Multi-Hop Reasoning degradation with hop depth aligns with what is understood about transformer attention over long contexts. As the execution trace grows, earlier intermediate results get appended to the context and become less accessible. Each additional tool call result extends the context window the model must reason over, and the information from earlier hops competes with more recent additions. GPT-OSS-120B performed best on API chaining tasks; Gemini-3-flash-preview led on dashboard API tasks, likely because of stronger performance across the large tool selection surface in Capability 2.

Multi-Source and Policy Adherence produces the most informative failure analysis. The benchmark distinguishes two policy situations: policies consistent with the information source the agent would naturally use, labeled “No Updates to Answer,” and policies that restrict access to a source the agent needs, labeled “Policy Updates Answer.” The first situation has minimal performance impact. The second causes a clear drop across GPT-OSS-120B, Gemini-3-flash-preview, and Claude-Sonnet-4-5. Granite-4.0-h-Small-32B showed notably less degradation under restrictive policies.

Failures under restrictive policies divide between two patterns: the agent violates the constraint and uses the restricted tool, or the agent honors the constraint but fails to find sufficient information through permitted sources. Both patterns produce wrong answers, but they represent different underlying problems. One is a compliance failure; the other is a compensatory reasoning failure.

What VAKRA Adds to the Benchmarking Landscape

The Berkeley Function Calling Leaderboard tests whether models generate syntactically correct function calls with the right schema. GAIA stratifies tasks by the number of reasoning steps and tools required. ToolBench evaluates API discovery and chaining on real-world REST endpoints.

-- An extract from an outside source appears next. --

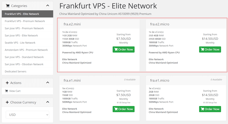 我们可以看到咸鱼主机商还有法兰克福CN2 GIA优化线路、旧金山、荷兰等机房的普通和优化线路产品。

Each of these measures something real, but none attributes failures to specific pipeline stages the way VAKRA does.

The closest analogue is ablation-style evaluation: fix everything upstream and measure what breaks downstream. VAKRA does not hold stages artificially correct; it runs the full execution trace and identifies the first real failure point. This is more computationally expensive but produces more useful signal for understanding where a model’s agent architecture is weak, and more importantly, which weakness is the binding constraint on overall performance.

For practitioners building enterprise agents, the Capability 4 results carry the most immediate relevance. Access policies in production deployments are frequently expressed as natural language in system prompts. If models do not treat those constraints as first-class reasoning inputs during tool routing, behavioral reliability is bounded by something that more tool-use training data will not directly address. Instruction-following on action constraints is a different problem from schema-correct function calling, and benchmarks that collapse the two will mask this gap.

The VAKRA dataset, leaderboard, and GitHub repository are publicly available. The per-capability breakdown on the leaderboard is more diagnostic than the aggregate score: a model with a strong Capability 1 score and a weak Capability 4 score has a different engineering profile than one that is uniformly mid-tier across all four, and those profiles warrant different responses in how you build the agent system around it.